Site Reliability Engineer with Google-scale training and hands-on implementation leadership. 5+ years progressing from Google's IT Resident program to SRE, now applying enterprise-level reliability practices to business-critical infrastructure. Expert in translating large-scale platform concepts (Borg, RAPID) into industry-standard implementations (Kubernetes, GitHub Actions). Proven track record of end-to-end infrastructure ownership, cloud migrations, and building resilient systems that deliver measurable business impact.
Applying SRE principles to lead a complete infrastructure transformation and modernization
- Led enterprise cloud migration from hybrid AWS (ECS/EC2) to fully containerized Azure AKS, migrating business-critical CPA applications serving 700+ users with zero data loss.
- Designed and implemented end-to-end infrastructure across three Azure AKS environments (staging, production, monitoring) using Infrastructure as Code principles.
- Built a comprehensive Kubernetes deployment framework with standardized manifests for service configuration management.
- Established DevSecOps practices implementing CI/CD pipelines, security scanning, and automated deployment workflows using GitHub Actions and Terraform.
- Built enterprise-grade monitoring infrastructure using Thanos and Grafana, achieving a 90% reduction in incident resolution time (from days to <3 hours).
- Delivered 99.95% uptime during peak tax season with only 45 minutes total downtime across 4 months, supporting mission-critical financial applications.
- Created a comprehensive observability platform providing the first-ever complete visibility into application performance and business metrics.
- Successfully adapted Google internal practices (Borg → Kubernetes, RAPID → GitHub Actions, Automon → Prometheus/Grafana).
- Migrated and operationalized real-time data pipeline architecture using Debezium CDC, Redpanda Kafka, and MongoDB, implementing full observability and monitoring across the streaming infrastructure.

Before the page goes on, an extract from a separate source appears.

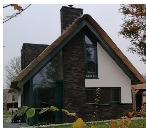
Foto: Vakantievilla in Schoorl.

Lees het hele artikel hierover op onze website . Via de site tref je ook de Statenvragen aan.

Maintained reliability and performance for Google Cloud Platform's distributed logging infrastructure
- Orchestrated operations for Google's global Cloud Logging infrastructure, ensuring continuous availability for millions of GCP customers.
- Optimized SLO compliance through strategic alert tuning and efficient incident response, maintaining sub-99.9% error budgets.
- Led critical incident response, including on-call rotations, implementing mitigation strategies, and conducting comprehensive post-mortems.
- Managed large-scale deployments using Google's RAPID workflow, troubleshooting complex distributed system issues across global infrastructure.
- Utilized Borg cluster management to scale Cloud Logs microservices dynamically, optimizing resource allocation across thousands of machines.
- Collaborated with development teams to communicate technical challenges and implement long-term reliability improvements.
- Created standardization templates for monitoring dashboard migrations, enabling teams to meet compliance requirements while maintaining operational visibility.
- Modernized critical infrastructure by migrating batch processes to unified frameworks, improving maintainability and operational efficiency.
- Established testing protocols for service integrations, documenting dependencies, and creating simulation environments for complex distributed systems.
Google's structured program for developing technical talent, with a fixed 2-year term leading to internal career advancement
- Supported Google's global infrastructure of 100,000+ Linux, macOS, and Windows machines, maintaining enterprise productivity systems.
- Contributed to Armada fleet management system, automating deployment processes and improving operational efficiency.
- Created automation tooling in Golang to eliminate manual configuration steps in deployment processes, gaining hands-on programming experience while reducing operational overhead.
- Created Bash automation solutions for existing manual processes, reducing operational overhead and human error.